The proposed Floating Bridge consists of revolutionary type of cable stayed bridges coupled with use of mega concrete floating inhabited units foundations. This system is a true pioneering development in bridge architecture and engineer; from an aesthetic point of view the system have a new pleasing shape and from engineering point of view a truly stabile Floating Cable-stayed Bridge of huge dimensions has been proposed across strait (see Fig.66);

 Fig. 66 Floating Inhabited Bridge over Messina Strait.

Structural, Architectural, Environmental and economic characteristics

Here, an overview of long study on the design and analysis of the proposed Messina Straits Floating Bridge in Italy (new generation); basically, it is the result of laborious research on floating structures and living bridges techniques that have been proposed by designers and engineers, these aspects include architectural design, structural concepts, mooring systems, environmental impact and economic benefit;

The main characteristics:

a) It uses water as foundation for the bridge decks and pylons. The proposed configuration rests on huge concrete floating inhabited units foundations that would be used as a support of commerce, work spaces, parks and transportation, generating more than 3,000,000 m² of built space assets within the two steel Living Decks that would be used also as a support of built habitable volumes of dwelling and transportation (see Fig. 67).

Fig. 67 Huge concrete floating inhabited unit foundations located in the middle of the Messina Strait to enable the passage of large ships.

The floating structures which support the pylon of the cable stayed bridge would be located in the middle of the crossing to enable the passage of large ships. These floating structures have a cylinder shape and two arcs supporting the pylon; thanks to this shape and to these arcs that the interior stress forces can distribute basically in compression stress and all the structure is more stable.

A cable stayed-bridge concept is chosen because it is an ideal field for creativeness in design to satisfy the functional requirements of the project and to obtain an aesthetically pleasing structure which complements the environment, i.e. special situations such as: the curved spans of the Living Decks can be easily solved using stays, the combination of the pylon with two arcs and six inclined cable planes will give a minor deformational effect under eccentric loads (traffic, ecc.). Furthermore, a cable stayed-bridge is much more economical, stiffer and aerodynamically safer than a comparative suspension bridge.
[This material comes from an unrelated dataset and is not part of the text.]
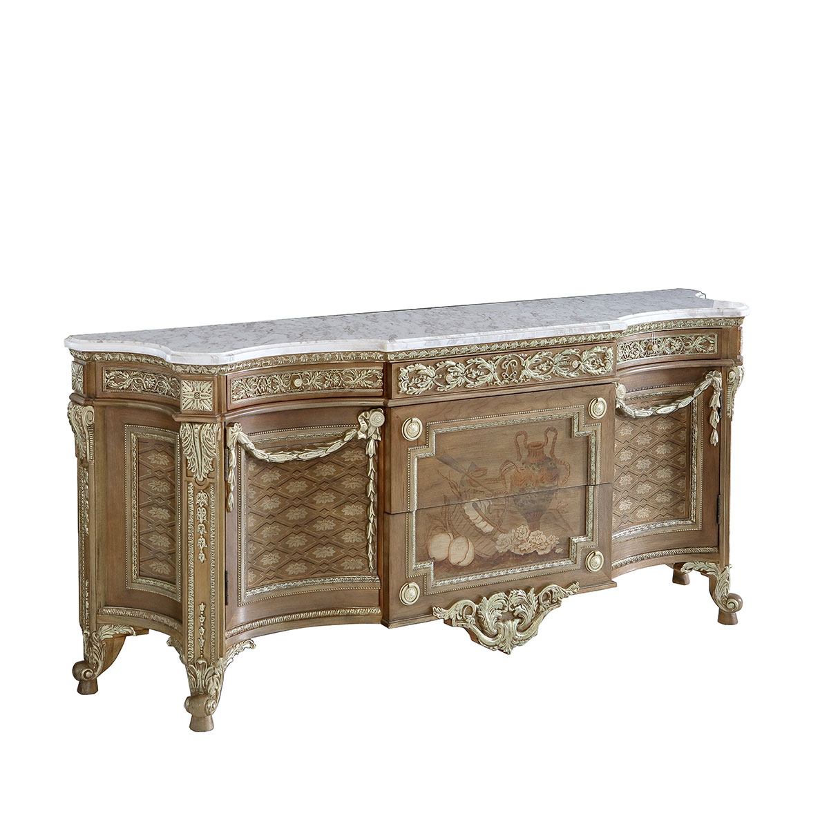 以法国著名工匠 Jean Henri Riesener 为 Louis VXI (路易十六)设计的新古典风格古董櫃为灵感,四平八稳的方形设计配以细腻的雕刻与实木簿片鑲嵌,呈現出法國宮廷的浪漫。

The combination of cable stayed and floating structure open to new concepts, ideas and design that technically and economically improve the Bridges over Straits. The proposed floating structure would be approximately 65 m high from water surface with a span length at least 500 m in the middle for ship save crossing. This revolutionary configuration represents a new dimension in Floating Bridge; this will be the first time that a truly stabile Floating Bridge in order to provide the non interruption vehicular traffic and non interruption navigation channel for Ships with more than 50.000 Dead Weight Tonnage. Thanks to this revolutionary configuration no more necessary fixed suspension bridges or movable spans to enable the passage of large ships.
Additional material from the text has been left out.